A good Name

Armstrong Williams

One summer day my father sent me to buy wire and fencing for our farm. At 16, I liked nothing better than getting behind the wheel of our family pickup, but this time there was something on my mind. My father had told me I'd have to ask for credit at the store.

Sixteen is a proud age, when a young man wants respect, not charity. It was 1976, and the ugly shadow of racism was still a fact of life in some parts of the country. I'd seen my friends ask for credit and then be rudely asked whether they were "good for it."

My family was honest. We paid our debts. But before harvest, cash was short. Would the store owner trust us?

At Davis Brothers General Store, Buck Davis stood behind the register, talking to a farmer. Buck was a tall, weathered man in a red hunting shirt, and I nodded as I passed him on my way to the hardware counter. When I brought my purchases to the register, I said carefully, "I need to put this on credit."

The farmer gave me a cynical look. But Buck's face didn't change. "Sure," he said easily. "Your daddy is always good for it." He turned to the other man. "This boy is one of James Williams' sons."

The farmer nodded in a neighborly way. I was filled with pride. James Williams' son. Those three words had opened a door to an adult's respect and trust.

That day I discovered that a good name was of immense value. The good name my father and mother had earned brought our whole family the respect of our neighbors. Everyone knew what to expect from a Williams: a decent person who kept his word and respected himself too much to do wrong.

We children—eight brothers and two sisters—could enjoy that good name, unearned, unless and until we did something to lose it. Compromising it would hurt not only those we loved but also those who loved us. We had a stake in one another—and in ourselves.

A good name, and the responsibility that came with it, forced us children to be better than we otherwise might be. We wanted to be thought of as good people, and by acting like good people for long enough, we became good out of habit.

The desire to keep the respect of a good name propelled me to become the first in our family to go to college. Eventually, it gave me the motivation to start my own successful public-relations firm in Washington, D.C..
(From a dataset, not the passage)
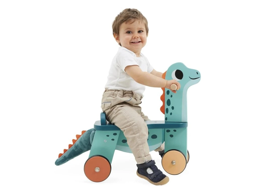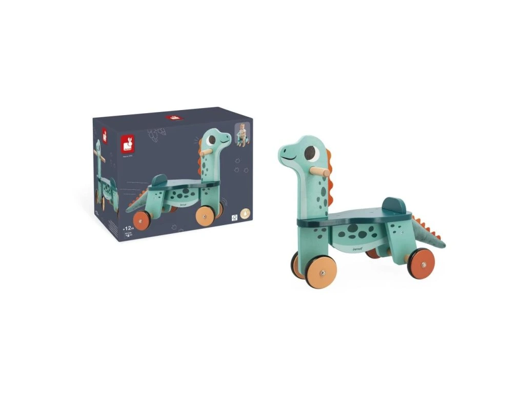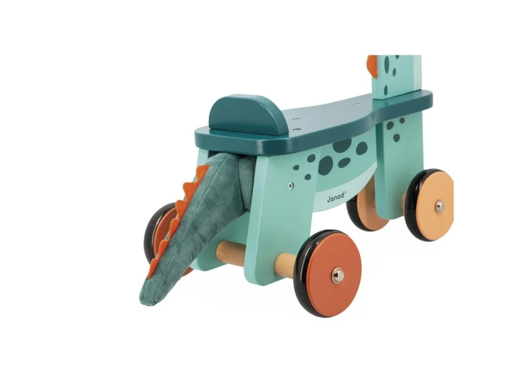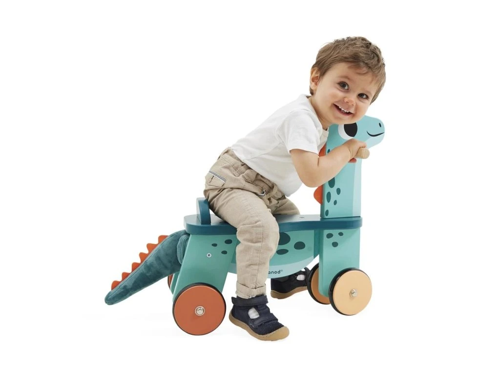 Pozor na blížícího se Portosaura! Vydejte se na dlouhé jízdy na tomto nádherném brachiosaurovi. Toto odrážedlo je vpředu vybavené dvěma směrovými kolečky pro usnadnění otáčení všech druhů. Kolečka jsou vybavená silikonem, aby se mohla tiše plazit lesem. Ocas dinosaura je vyrobený z plyše a dodává hračce nádech jemnosti. Ocas je připevněn systémem suchého zipu, což usnadňuje čištění (možné ručně prát na 30°C). Vaše dítě bude moci podnikat dobrodružství a zároveň si rozvíjet motorické dovednosti a rovnováhu.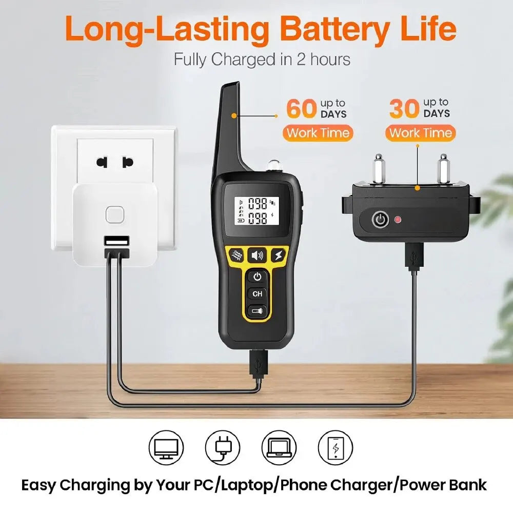 With a remarkable 1000m range, you’ll maintain authority even from afar. The adjustable, reflective nylon collar ensures both comfort and safety, while the IP67 waterproof construction prepares it for any outdoor adventure or weather condition.

I thought about the power of a good name when I heard someone say that we need to restore a sense of shame in our neighborhoods. He's right. If pride in a good name keeps families and neighborhoods straight, a sense of shame is the reverse side of that coin.

Doing drugs, abusing alcohol, stealing, getting a young woman pregnant out of wedlock—today, none of these wrong things are the deep embarrassment they should be. Nearly one out of three births in America is attributed to an unwed mother. Many of these children will grow up without a caring father and mother committed to each other.

Cultural influences such as television and movies portray mostly a world in which respect that sustains civilization is vanishing from schools, families and streets. Phrases like "yes, ma'am," "no, sir," "thank you" and "please" show self-respect and respect for others. Yet, encouraged by the profanity on television and in music, kids don't think twice about bad language.

Many of today's kids have failed because their sense of shame has failed. They were born into families with poor reputations, not caring about keeping a good name.

Today, when I'm back home, I receive respect because of the good name passed on as my father's legacy and upheld to this day by me and my siblings. People like Buck Davis came to know of my success in the world. But it was my family's good name that paved the way.